- [RECORDED DATA]:
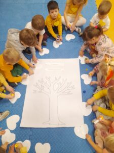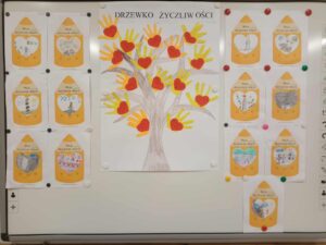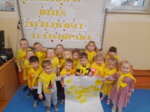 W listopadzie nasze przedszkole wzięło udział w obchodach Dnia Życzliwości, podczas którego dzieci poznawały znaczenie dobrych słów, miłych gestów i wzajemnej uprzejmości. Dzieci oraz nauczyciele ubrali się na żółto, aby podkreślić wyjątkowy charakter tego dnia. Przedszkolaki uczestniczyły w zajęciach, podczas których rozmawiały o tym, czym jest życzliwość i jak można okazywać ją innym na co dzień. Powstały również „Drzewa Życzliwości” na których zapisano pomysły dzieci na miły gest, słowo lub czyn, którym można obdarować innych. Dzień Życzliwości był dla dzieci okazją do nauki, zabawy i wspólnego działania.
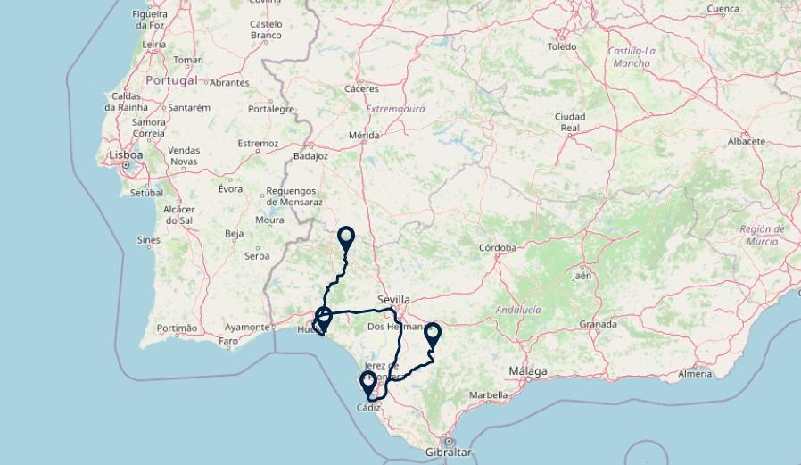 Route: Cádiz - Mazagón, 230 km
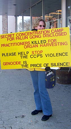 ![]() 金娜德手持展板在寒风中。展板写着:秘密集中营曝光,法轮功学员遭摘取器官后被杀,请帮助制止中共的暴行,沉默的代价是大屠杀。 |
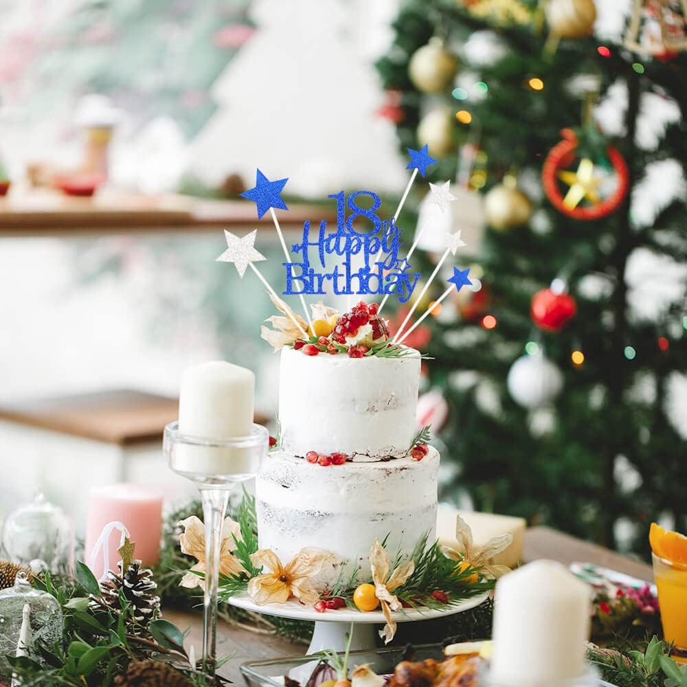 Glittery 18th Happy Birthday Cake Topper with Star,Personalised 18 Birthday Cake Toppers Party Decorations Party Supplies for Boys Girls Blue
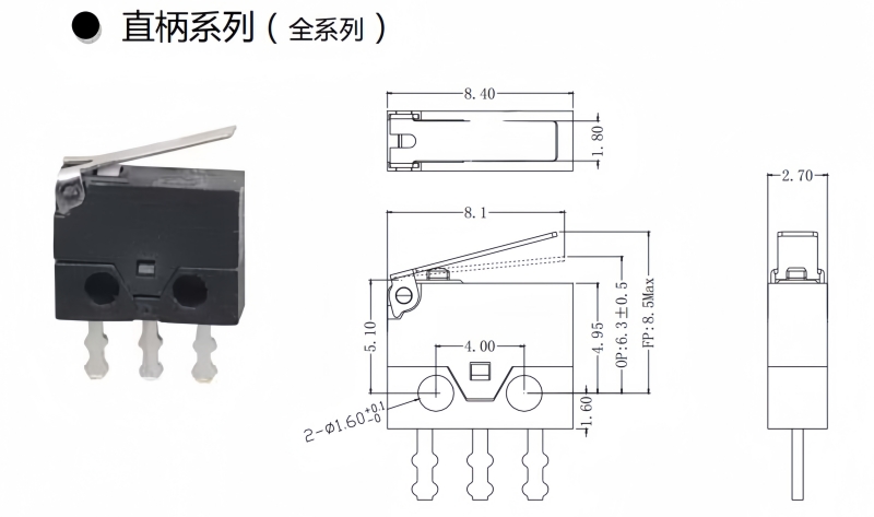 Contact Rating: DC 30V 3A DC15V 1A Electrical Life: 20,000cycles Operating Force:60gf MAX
--
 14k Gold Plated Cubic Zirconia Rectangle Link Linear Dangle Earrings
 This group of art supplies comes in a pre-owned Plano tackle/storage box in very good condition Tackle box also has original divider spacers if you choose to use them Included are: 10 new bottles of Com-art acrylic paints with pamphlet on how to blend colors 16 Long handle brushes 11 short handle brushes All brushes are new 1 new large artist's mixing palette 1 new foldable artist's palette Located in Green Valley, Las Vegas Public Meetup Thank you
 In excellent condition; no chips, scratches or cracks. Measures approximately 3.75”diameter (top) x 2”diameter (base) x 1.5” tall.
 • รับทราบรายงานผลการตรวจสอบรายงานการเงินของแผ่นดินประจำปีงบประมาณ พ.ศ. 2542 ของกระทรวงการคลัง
--
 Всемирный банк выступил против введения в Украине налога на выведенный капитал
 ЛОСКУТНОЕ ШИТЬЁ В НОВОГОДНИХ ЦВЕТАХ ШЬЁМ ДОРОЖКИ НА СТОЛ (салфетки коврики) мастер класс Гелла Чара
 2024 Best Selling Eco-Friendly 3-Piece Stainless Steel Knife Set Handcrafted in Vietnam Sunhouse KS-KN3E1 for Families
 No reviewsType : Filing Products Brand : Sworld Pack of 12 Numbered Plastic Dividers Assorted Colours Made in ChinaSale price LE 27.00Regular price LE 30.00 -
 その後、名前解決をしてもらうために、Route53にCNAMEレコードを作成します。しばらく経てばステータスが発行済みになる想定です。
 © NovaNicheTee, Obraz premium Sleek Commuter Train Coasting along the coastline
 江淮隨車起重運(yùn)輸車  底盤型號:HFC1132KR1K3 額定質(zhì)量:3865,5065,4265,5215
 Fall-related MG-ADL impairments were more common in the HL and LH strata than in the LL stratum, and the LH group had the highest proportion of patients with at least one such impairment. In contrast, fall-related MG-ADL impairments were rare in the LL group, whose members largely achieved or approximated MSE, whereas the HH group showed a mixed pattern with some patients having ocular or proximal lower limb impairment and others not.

- [EXERCISE GOAL]: From the records above, quote word for word only the lines beginning at the line that has "W listopadzie nasze" and stopping after the line that has "Contact Rating: DC". Omit the pictures.

- [EXERCISE RESULT]:
 W listopadzie nasze przedszkole wzięło udział w obchodach Dnia Życzliwości, podczas którego dzieci poznawały znaczenie dobrych słów, miłych gestów i wzajemnej uprzejmości. Dzieci oraz nauczyciele ubrali się na żółto, aby podkreślić wyjątkowy charakter tego dnia. Przedszkolaki uczestniczyły w zajęciach, podczas których rozmawiały o tym, czym jest życzliwość i jak można okazywać ją innym na co dzień. Powstały również „Drzewa Życzliwości” na których zapisano pomysły dzieci na miły gest, słowo lub czyn, którym można obdarować innych. Dzień Życzliwości był dla dzieci okazją do nauki, zabawy i wspólnego działania.
 Route: Cádiz - Mazagón, 230 km
 ![]() 金娜德手持展板在寒风中。展板写着:秘密集中营曝光,法轮功学员遭摘取器官后被杀,请帮助制止中共的暴行,沉默的代价是大屠杀。 |
 Glittery 18th Happy Birthday Cake Topper with Star,Personalised 18 Birthday Cake Toppers Party Decorations Party Supplies for Boys Girls Blue
 Contact Rating: DC 30V 3A DC15V 1A Electrical Life: 20,000cycles Operating Force:60gf MAX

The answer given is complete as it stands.